EXERCISE =
Retype exactly what appears below from the line containing "1-План виллы. Чертёж" down to the line containing "of large (usually", keeping both end lines. Do not include pictures.

INFORMATION SUPPLIED =
——————

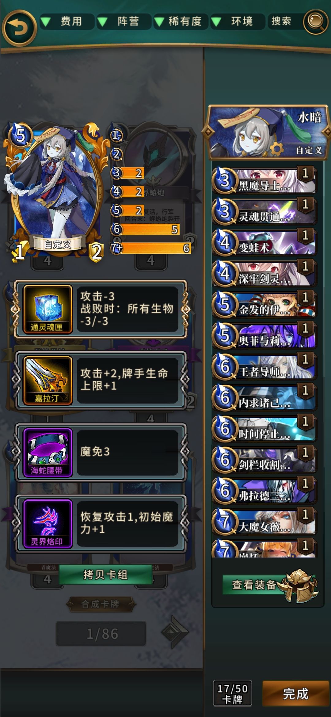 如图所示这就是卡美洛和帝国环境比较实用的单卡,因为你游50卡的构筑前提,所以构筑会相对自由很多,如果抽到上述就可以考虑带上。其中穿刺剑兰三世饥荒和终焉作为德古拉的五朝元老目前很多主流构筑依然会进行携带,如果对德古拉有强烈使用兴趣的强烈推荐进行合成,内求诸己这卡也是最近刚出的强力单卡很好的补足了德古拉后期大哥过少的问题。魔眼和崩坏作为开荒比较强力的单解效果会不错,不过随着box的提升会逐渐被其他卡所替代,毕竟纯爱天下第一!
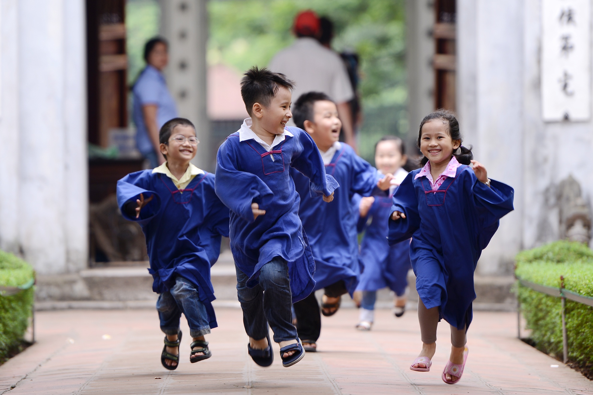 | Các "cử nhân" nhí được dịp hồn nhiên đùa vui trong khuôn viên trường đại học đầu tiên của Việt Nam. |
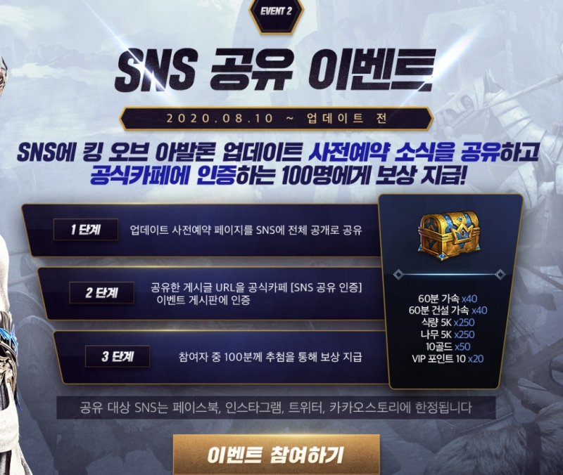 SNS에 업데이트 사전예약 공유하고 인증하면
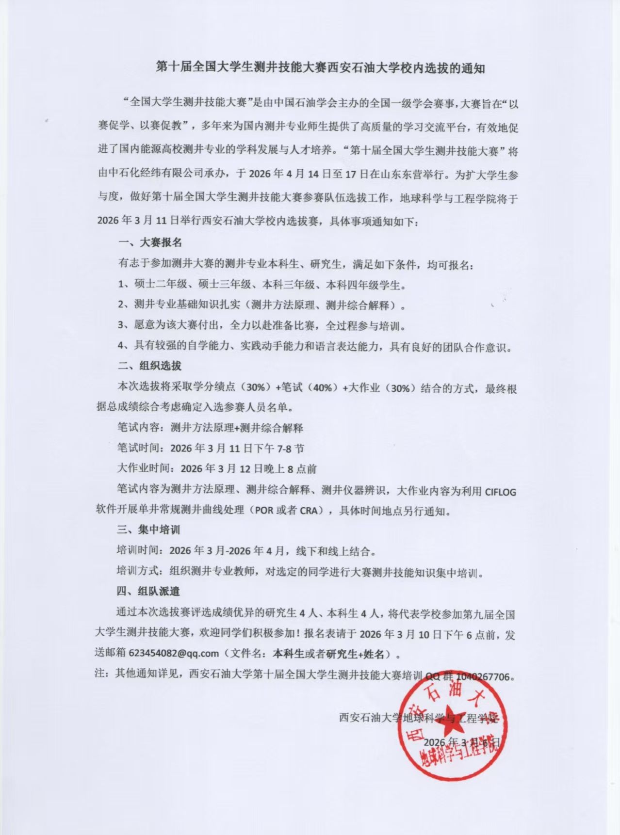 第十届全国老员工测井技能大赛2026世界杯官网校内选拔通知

——————

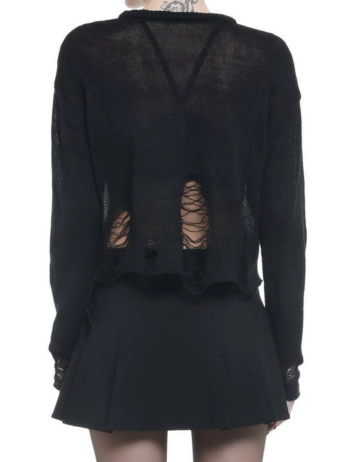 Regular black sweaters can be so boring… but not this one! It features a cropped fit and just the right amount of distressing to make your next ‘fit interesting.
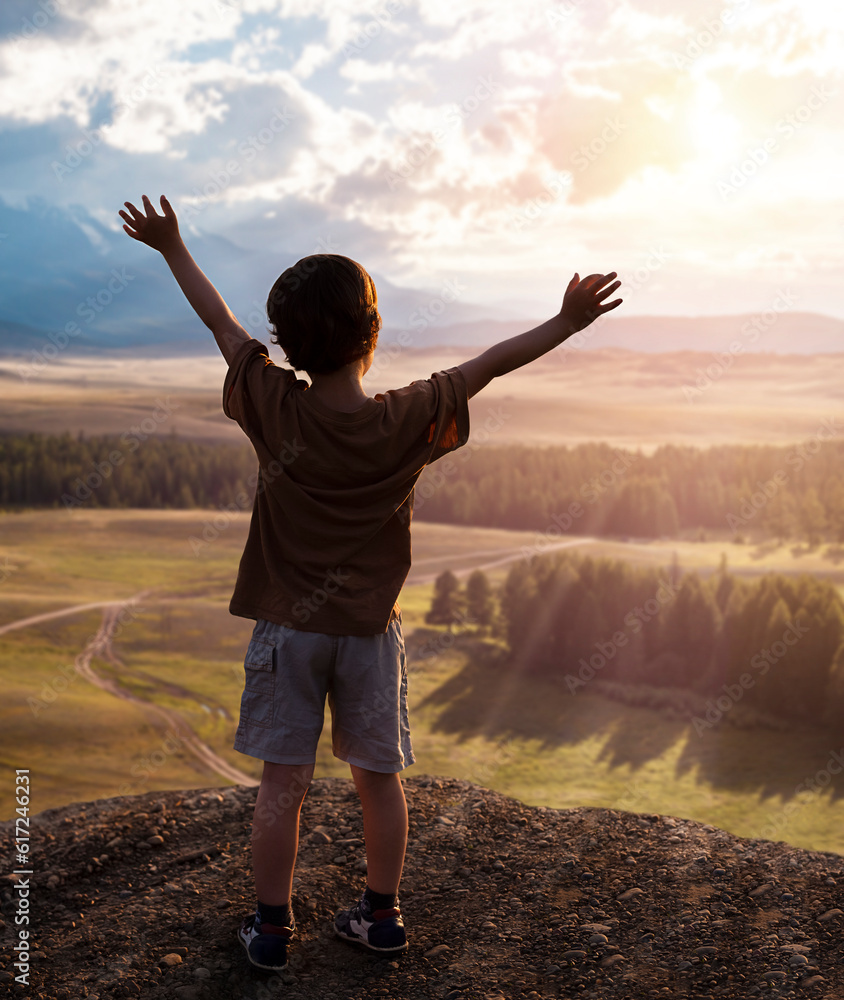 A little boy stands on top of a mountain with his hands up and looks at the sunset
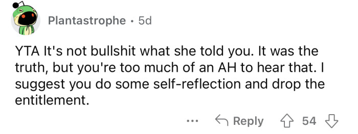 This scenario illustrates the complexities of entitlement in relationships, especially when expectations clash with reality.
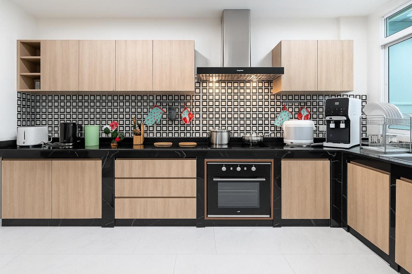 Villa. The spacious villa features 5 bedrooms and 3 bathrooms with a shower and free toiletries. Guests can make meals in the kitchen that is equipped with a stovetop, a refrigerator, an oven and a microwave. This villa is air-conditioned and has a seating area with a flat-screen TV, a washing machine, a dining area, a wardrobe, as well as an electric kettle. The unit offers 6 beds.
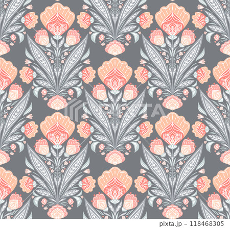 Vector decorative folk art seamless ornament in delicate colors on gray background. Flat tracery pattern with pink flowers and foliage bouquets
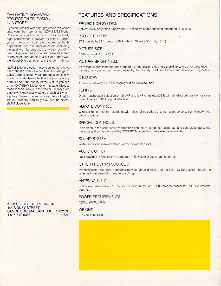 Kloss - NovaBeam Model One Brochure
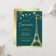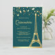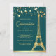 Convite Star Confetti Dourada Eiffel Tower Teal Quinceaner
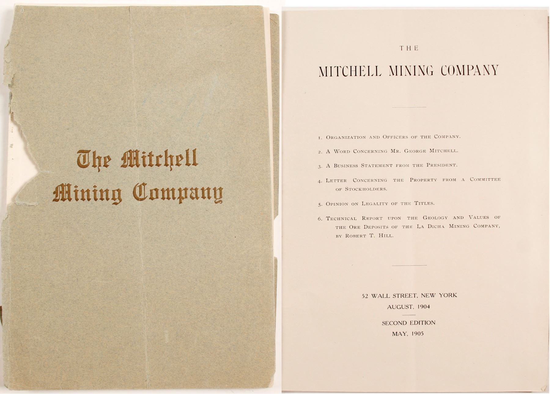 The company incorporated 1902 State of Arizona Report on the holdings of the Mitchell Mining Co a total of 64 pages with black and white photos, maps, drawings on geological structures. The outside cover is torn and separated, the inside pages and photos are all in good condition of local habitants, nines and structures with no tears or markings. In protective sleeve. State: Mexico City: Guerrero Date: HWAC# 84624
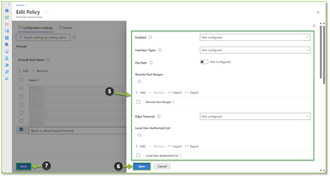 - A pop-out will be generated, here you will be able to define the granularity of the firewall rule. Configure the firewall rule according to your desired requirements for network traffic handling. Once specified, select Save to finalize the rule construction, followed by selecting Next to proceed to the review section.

——————

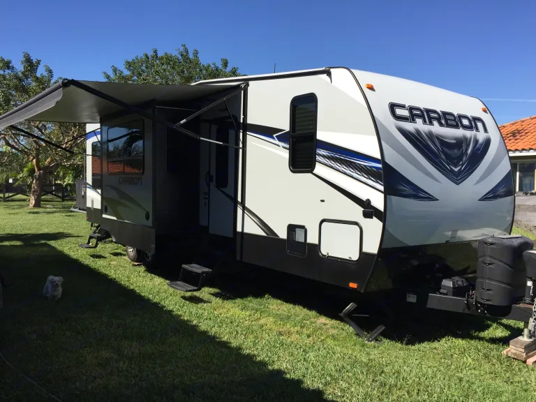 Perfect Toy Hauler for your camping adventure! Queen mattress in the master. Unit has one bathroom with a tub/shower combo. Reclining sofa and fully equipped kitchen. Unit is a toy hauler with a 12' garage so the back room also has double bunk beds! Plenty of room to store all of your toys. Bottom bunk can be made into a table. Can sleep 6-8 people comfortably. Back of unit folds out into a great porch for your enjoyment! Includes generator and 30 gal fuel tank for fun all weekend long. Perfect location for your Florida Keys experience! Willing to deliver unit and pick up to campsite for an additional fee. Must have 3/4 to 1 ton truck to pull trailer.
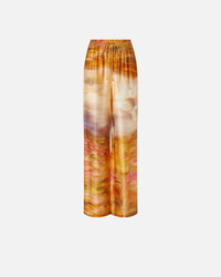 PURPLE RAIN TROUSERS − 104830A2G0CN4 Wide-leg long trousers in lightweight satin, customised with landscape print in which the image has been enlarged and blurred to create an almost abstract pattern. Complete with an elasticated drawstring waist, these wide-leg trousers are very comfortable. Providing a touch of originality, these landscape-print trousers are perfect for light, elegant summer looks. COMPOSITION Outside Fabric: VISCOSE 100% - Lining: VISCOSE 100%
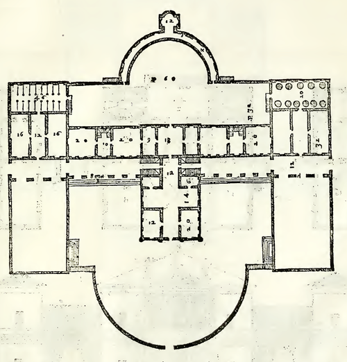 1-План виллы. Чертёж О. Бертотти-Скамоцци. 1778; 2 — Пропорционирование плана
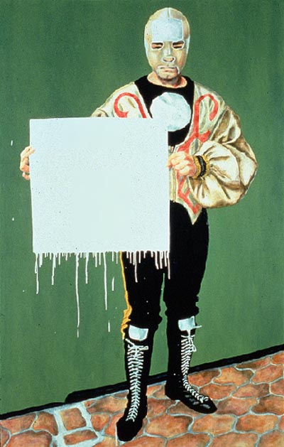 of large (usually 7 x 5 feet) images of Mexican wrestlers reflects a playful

——————

WRITTEN SOLUTION =
 1-План виллы. Чертёж О. Бертотти-Скамоцци. 1778; 2 — Пропорционирование плана
 of large (usually 7 x 5 feet) images of Mexican wrestlers reflects a playful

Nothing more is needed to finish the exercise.